> [Action item]:
What is needed is a verbatim copy of the data, minus the pictures.

> [Stored data]:
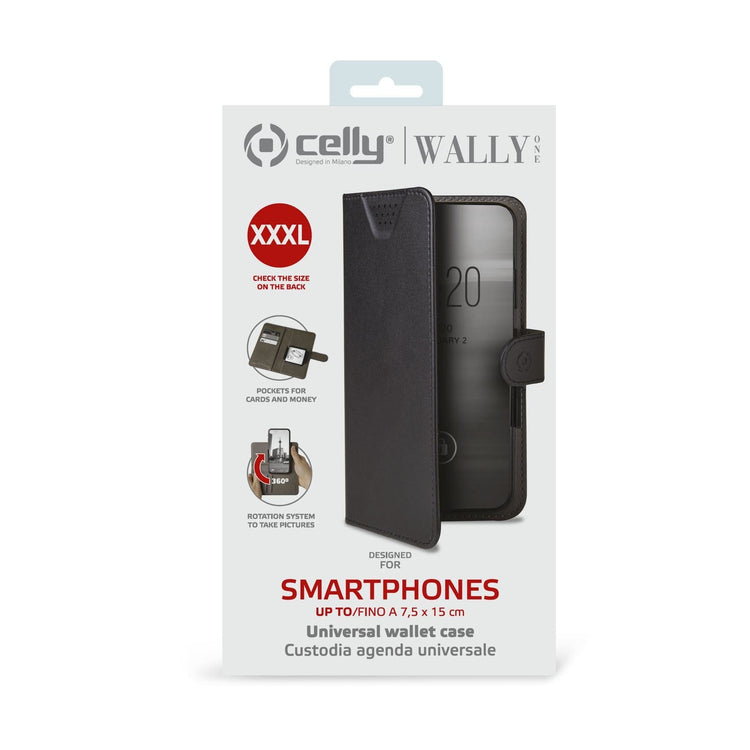 One case for all smartphonesWALLY ONE is the universal wallet case, available in three different sizes, which thanks to the universal fixing system it will fits to any type of phone. The 360°rotating system allows you to take photos and videos with a simple movement. Make calls with the closed case thanks to the hole placed in the front of the case. The magnetic closure will keep your smartphone safe into the case. Compatibile with different models of Smartphone: Apple, Samsung, Motorola, Xiaomi, OPPO, Huawei, TCL, Alcatel . Vivo, Realme, Honor.
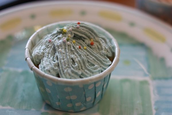 將剩餘的鮮奶油做成杯子蛋糕上的裝飾
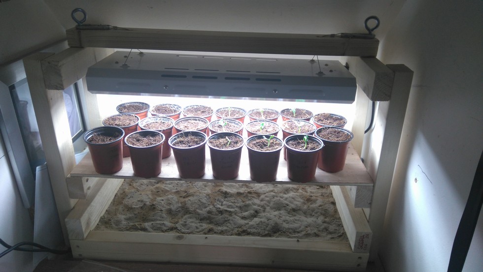 The work tunnel is where my Giant Tomatoes and Cucumbers will be going, about 5-6 plants. I really enjoyed putting together this little seed started station. At the bottom is a sand bed with heating cables in and once seedlings are up I can raise or lower both the shelves or the lights. Why didn't I build this before I staretd my pumpkin plants?... there's always next year!
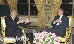 香港特區(qū)行政長官董建華十三日(巴黎時間十二日)會見法國總統(tǒng)希拉克(右),向他簡介香港的最新經濟情況。作者:中新社
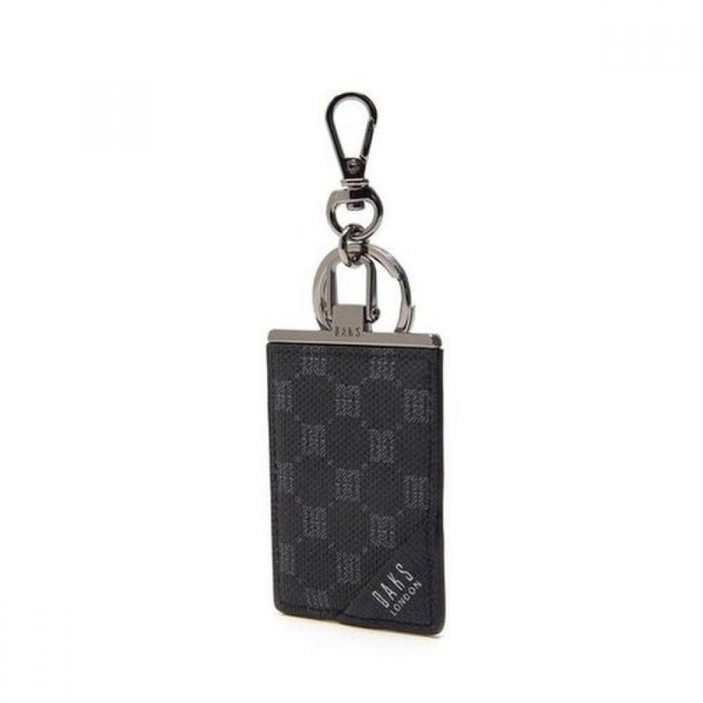 The Daks Black Leather DD Logo Keyring DBHO2E138 features a modern design with a black leather base adorned with DD logo decoration and DAKS logo, providing a unique touch. This product is unisex and suitable as an everyday fashion item.
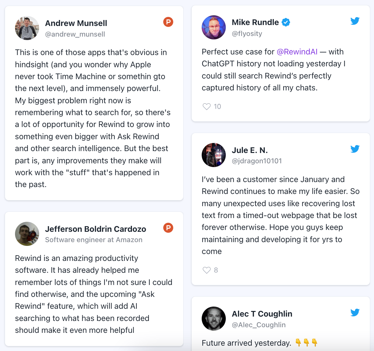 Rewind doesn't seem like an especially unique bit of software. What stopping Apple, Microsoft, Alphabet, OpenAI, or Elon's new company x.ai from literally doing the same thing?
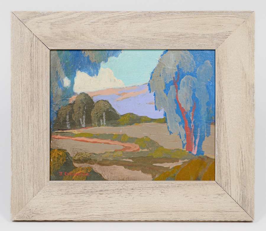 Jack Cassinetto (1944-2018) California Painting Eucalyptus Trees c2015. Excellent condition. Signed. 8″h x 10″w. Frame 12″h x 14″w SOLD
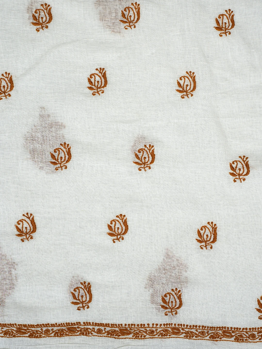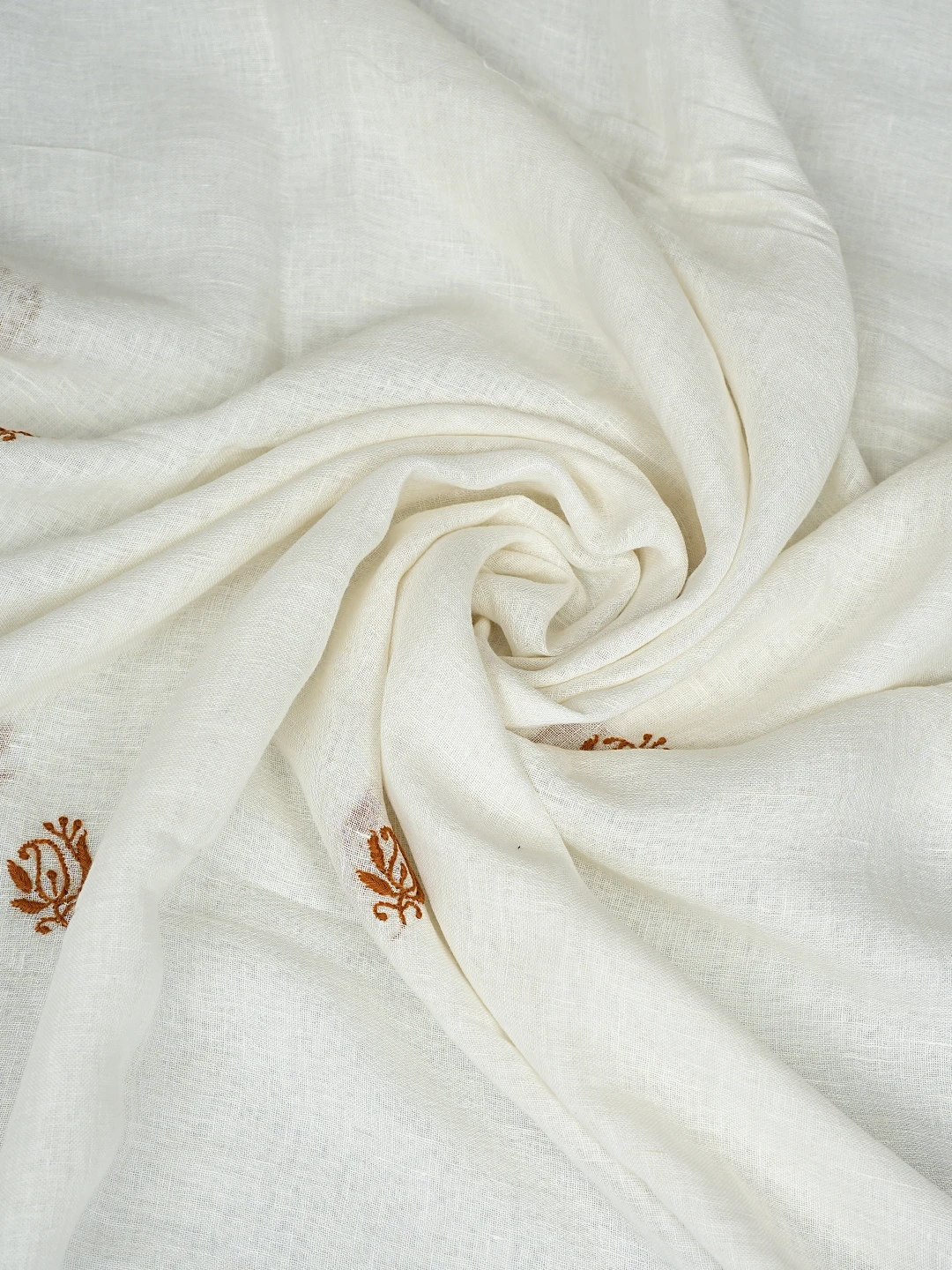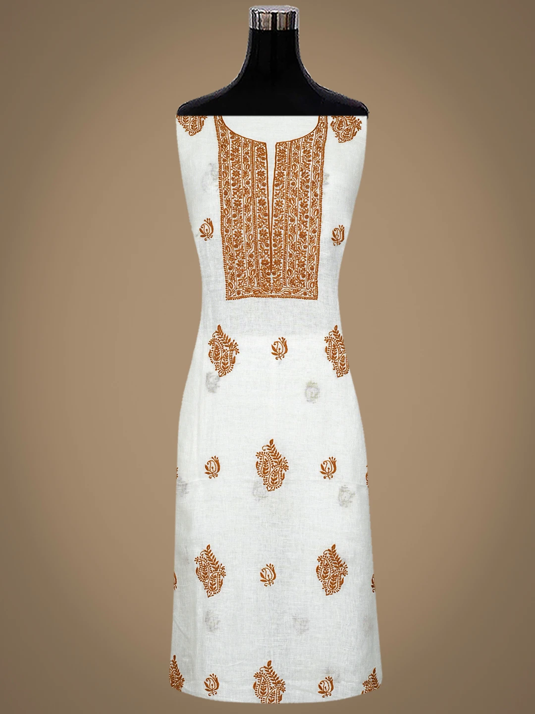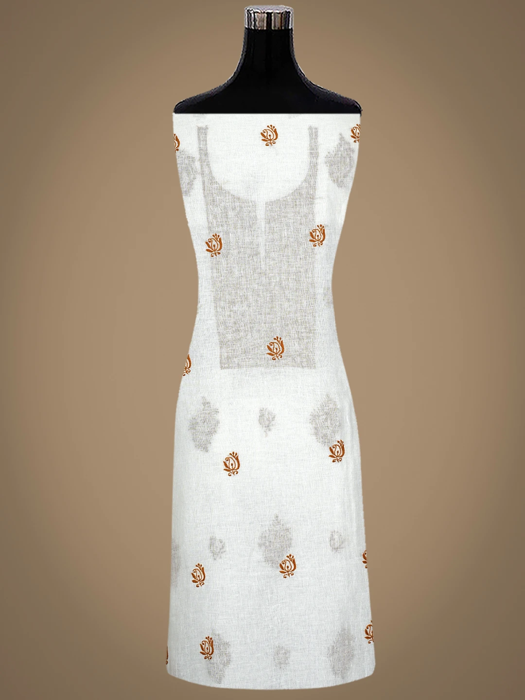 Ada Hand Embroidered White Cosmic Latte Khadi Lucknowi Chikankari Unstitched Kurta Dupatta Set 01A841573

> [Response to the task]:
 One case for all smartphonesWALLY ONE is the universal wallet case, available in three different sizes, which thanks to the universal fixing system it will fits to any type of phone. The 360°rotating system allows you to take photos and videos with a simple movement. Make calls with the closed case thanks to the hole placed in the front of the case. The magnetic closure will keep your smartphone safe into the case. Compatibile with different models of Smartphone: Apple, Samsung, Motorola, Xiaomi, OPPO, Huawei, TCL, Alcatel . Vivo, Realme, Honor.
 將剩餘的鮮奶油做成杯子蛋糕上的裝飾
 The work tunnel is where my Giant Tomatoes and Cucumbers will be going, about 5-6 plants. I really enjoyed putting together this little seed started station. At the bottom is a sand bed with heating cables in and once seedlings are up I can raise or lower both the shelves or the lights. Why didn't I build this before I staretd my pumpkin plants?... there's always next year!
 香港特區(qū)行政長官董建華十三日(巴黎時間十二日)會見法國總統(tǒng)希拉克(右),向他簡介香港的最新經濟情況。作者:中新社
 The Daks Black Leather DD Logo Keyring DBHO2E138 features a modern design with a black leather base adorned with DD logo decoration and DAKS logo, providing a unique touch. This product is unisex and suitable as an everyday fashion item.
 Rewind doesn't seem like an especially unique bit of software. What stopping Apple, Microsoft, Alphabet, OpenAI, or Elon's new company x.ai from literally doing the same thing?
 Jack Cassinetto (1944-2018) California Painting Eucalyptus Trees c2015. Excellent condition. Signed. 8″h x 10″w. Frame 12″h x 14″w SOLD
 Ada Hand Embroidered White Cosmic Latte Khadi Lucknowi Chikankari Unstitched Kurta Dupatta Set 01A841573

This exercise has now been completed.